AIM OF THE TASK
Give back the whole listing exactly as written, leaving out each picture.
GIVEN DATA below:
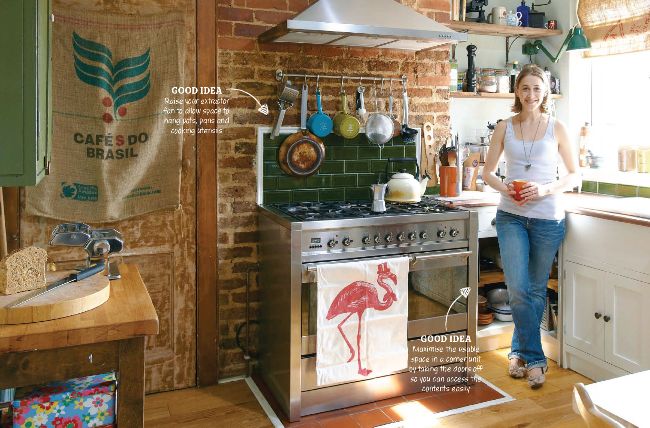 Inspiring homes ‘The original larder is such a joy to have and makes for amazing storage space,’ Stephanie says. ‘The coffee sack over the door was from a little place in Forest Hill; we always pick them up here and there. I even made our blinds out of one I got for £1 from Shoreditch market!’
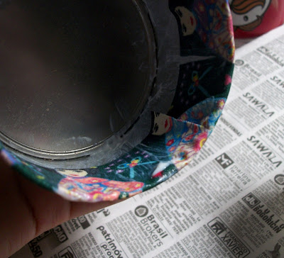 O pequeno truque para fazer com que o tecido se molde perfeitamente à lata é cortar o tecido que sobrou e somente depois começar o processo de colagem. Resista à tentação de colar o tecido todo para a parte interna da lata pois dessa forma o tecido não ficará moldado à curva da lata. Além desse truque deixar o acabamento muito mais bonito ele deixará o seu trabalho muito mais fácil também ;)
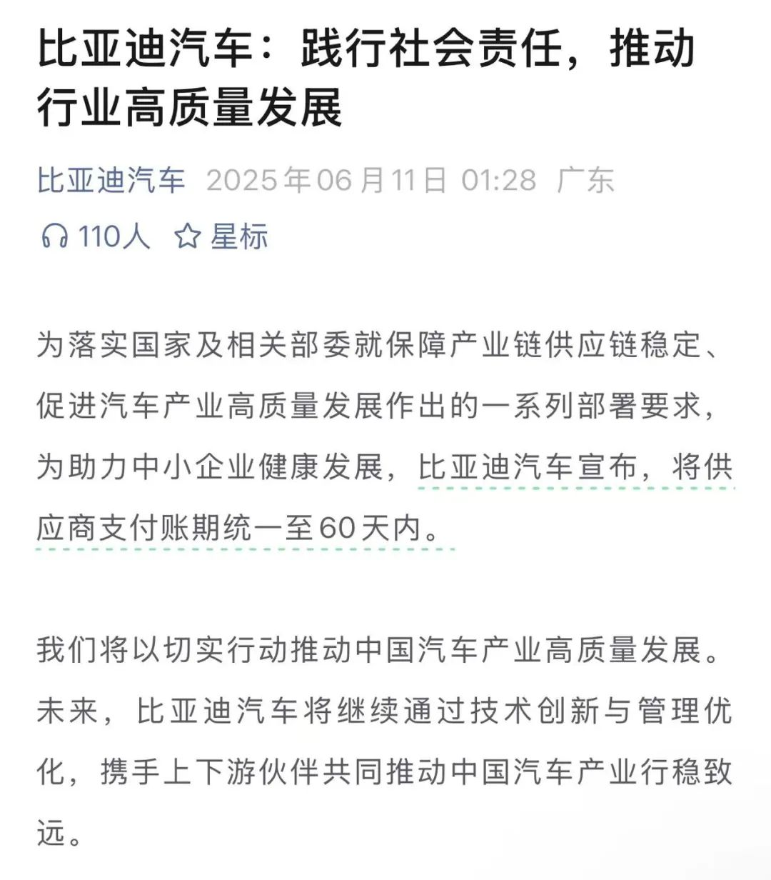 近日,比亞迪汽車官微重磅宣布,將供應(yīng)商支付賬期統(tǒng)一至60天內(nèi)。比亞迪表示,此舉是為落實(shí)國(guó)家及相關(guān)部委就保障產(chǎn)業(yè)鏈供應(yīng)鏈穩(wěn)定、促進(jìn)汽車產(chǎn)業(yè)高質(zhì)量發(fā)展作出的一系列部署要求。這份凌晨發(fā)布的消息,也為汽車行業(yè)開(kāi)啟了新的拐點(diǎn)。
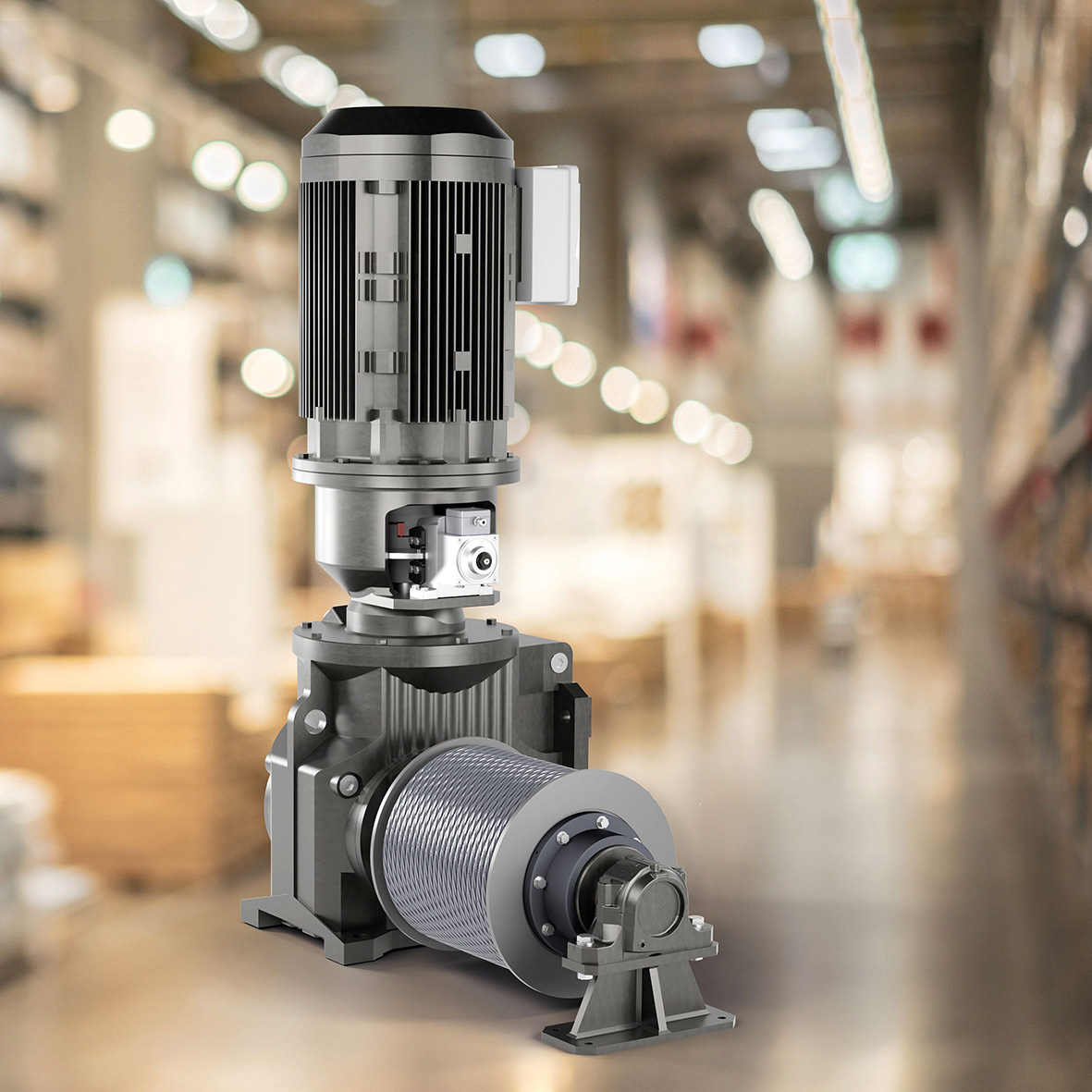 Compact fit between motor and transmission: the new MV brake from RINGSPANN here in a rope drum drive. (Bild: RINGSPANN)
End of GIVEN DATA.
PROBLEM SOLUTION
 Inspiring homes ‘The original larder is such a joy to have and makes for amazing storage space,’ Stephanie says. ‘The coffee sack over the door was from a little place in Forest Hill; we always pick them up here and there. I even made our blinds out of one I got for £1 from Shoreditch market!’
 O pequeno truque para fazer com que o tecido se molde perfeitamente à lata é cortar o tecido que sobrou e somente depois começar o processo de colagem. Resista à tentação de colar o tecido todo para a parte interna da lata pois dessa forma o tecido não ficará moldado à curva da lata. Além desse truque deixar o acabamento muito mais bonito ele deixará o seu trabalho muito mais fácil também ;)
 近日,比亞迪汽車官微重磅宣布,將供應(yīng)商支付賬期統(tǒng)一至60天內(nèi)。比亞迪表示,此舉是為落實(shí)國(guó)家及相關(guān)部委就保障產(chǎn)業(yè)鏈供應(yīng)鏈穩(wěn)定、促進(jìn)汽車產(chǎn)業(yè)高質(zhì)量發(fā)展作出的一系列部署要求。這份凌晨發(fā)布的消息,也為汽車行業(yè)開(kāi)啟了新的拐點(diǎn)。
 Compact fit between motor and transmission: the new MV brake from RINGSPANN here in a rope drum drive. (Bild: RINGSPANN)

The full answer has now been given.